Multilingual search
Pagefind supports multilingual sites out of the box, with zero configuration.
When indexing, Pagefind will look for a lang
attribute on your html
element. Indexing will then run independently for each detected language. When Pagefind initializes in the browser it will check the same lang
attribute and load the appropriate index.
If you load Pagefind search on a page tagged as <html lang="pt-br">
, you will automatically search only the pages on the site with the same language. Pagefind will also adapt any stemming algorithms to the target language if supported. This applies to both the Pagefind JS API and the Pagefind UI.
The Pagefind UI itself is translated into a range of languages, and will adapt automatically to the page language if possible.
#Opting out of multilingual search
Setting the force language option when indexing will opt out of this feature and create one index for the site as a whole.
#Language support
Pagefind will work automatically for any language. Explicit language support improves the quality of search results and the Pagefind UI.
If word stemming is unsupported, search results won’t match across root words. If UI translations are unsupported, the Pagefind UI will be shown in English.

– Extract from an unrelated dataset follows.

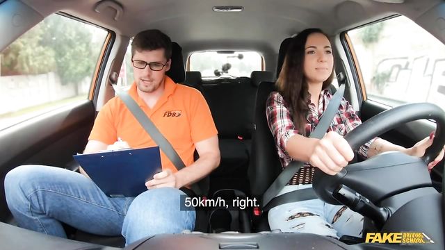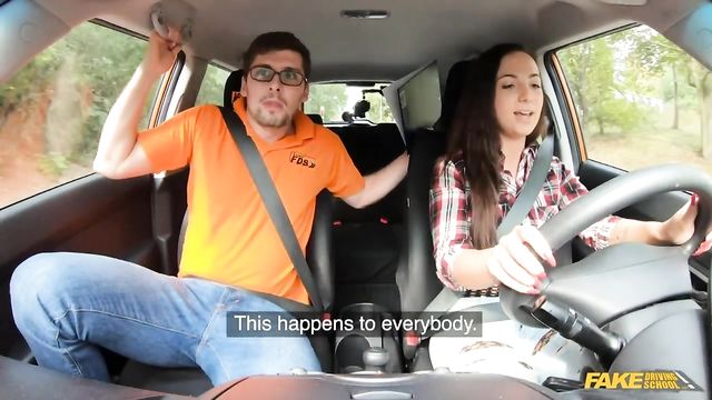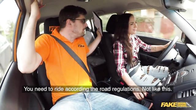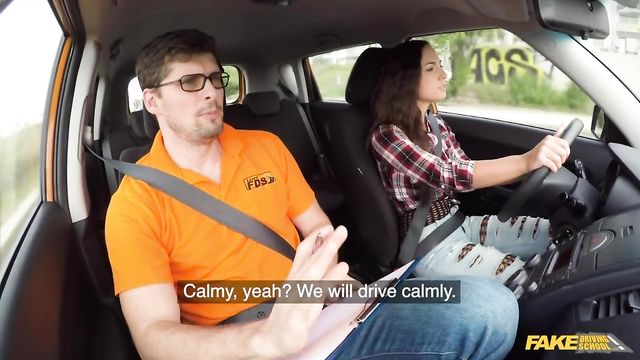 Description: I had an innocent looking brunette as a student today, a woman named Kristy Black, but my assumption based on her looks couldn't have been more wrong! Kristy told me she had taken 30 lessons, so I trusted she would know how to operate the car. What should've been an easy lesson began with a rocky start when she stalled the car. We got onto the road and she was driving way too fast, and when I heard police sirens behind us, I demanded she pull over. She didn't listen! Kristy kept speeding along, and I was getting scared. By the time she finally pulled over, I was scared out of my mind! The danger made Kristy horny, so she leaned over and slapped me, then started sucking my dick! After the blowjob, she took off her shorts and opened her fishnet bodysuit to show me her pierced pussy. Kristy rode me in the front seat, then I fucked her missionary style in the back seat. After some standing doggystyle outside the car, Kristy got on her knees, and took my load on her face!

Language | UI Translations | Word Stemming |
---|---|---|
Afrikaans — af |
✅ | ❌ |
Arabic — ar |
❌ | ✅ |
Armenian — hy |
❌ | ✅ |
Basque — eu |
❌ | ✅ |
Bengali — bn |
✅ | ❌ |
Catalan — ca |
✅ | ✅ |
Chinese — zh |
✅ | See below |
Croatian — hr |
✅ | ❌ |
Czech — cs |
✅ | ❌ |
Danish — da |
✅ | ✅ |
Dutch — nl |
✅ | ✅ |
English — en |
✅ | ✅ |
Finnish — fi |
✅ | ✅ |
French — fr |
✅ | ✅ |
Galician — gl |
✅ | ❌ |
German — de |
✅ | ✅ |
Greek — el |
❌ | ✅ |
Hindi — hi |
✅ | ✅ |
Hungarian — hu |
✅ | ✅ |
Indonesian — id |
✅ | ✅ |
Irish — ga |
❌ | ✅ |
Italian — it |
✅ | ✅ |
Japanese — ja |
✅ | See below |
Korean — ko |
✅ | ❌ |
Lithuanian — lt |
❌ | ✅ |
Māori — mi |
✅ | ❌ |
Nepali — ne |
❌ | ✅ |
Norwegian — no |
✅ | ✅ |
Polish — pl |
✅ | ❌ |
Portuguese — pt |
✅ | ✅ |
Romanian — ro |
❌ | ✅ |
Russian — ru |
✅ | ✅ |
Serbian — sr |
✅ | ✅ |
Spanish — es |
✅ | ✅ |
Swedish — sv |
✅ | ✅ |
Tamil — ta |
✅ | ✅ |
Turkish — tr |
✅ | ✅ |
Vietnamese — vi |
✅ | ❌ |
Yiddish — yi |
❌ | ✅ |
Feel free to open an issue if there’s a language you would like better support for, or contribute a translation for Pagefind UI in your language.
#Specialized languages
This section currently applies to Chinese and Japanese languages. Specialized languages are only supported in Pagefind’s extended release, which is the default when running
npx pagefind
.
Currently when indexing, Pagefind does not support stemming for specialized languages, but does support segmentation for words not separated by whitespace.
Pagefind does not yet support segmentation of the search query, so searching in the browser requires that words in the search query are separated by whitespace.
In practice, this means that on a page tagged as a zh-
language, 每個月都
will be indexed as the words 每個
, 月
, and 都
.
When searching in the browser, searching for 每個
, 月
, or 都
individually will work. Additionally, searching 每個 月 都
will return results containing each word in any order, and searching "每個 月 都"
in quotes will match 每個月都
exactly.
Searching for 每個月都
will return zero results, as Pagefind is not able to segment it into words in the browser. Work to improve this is underway and will hopefully remove this limitation in the future.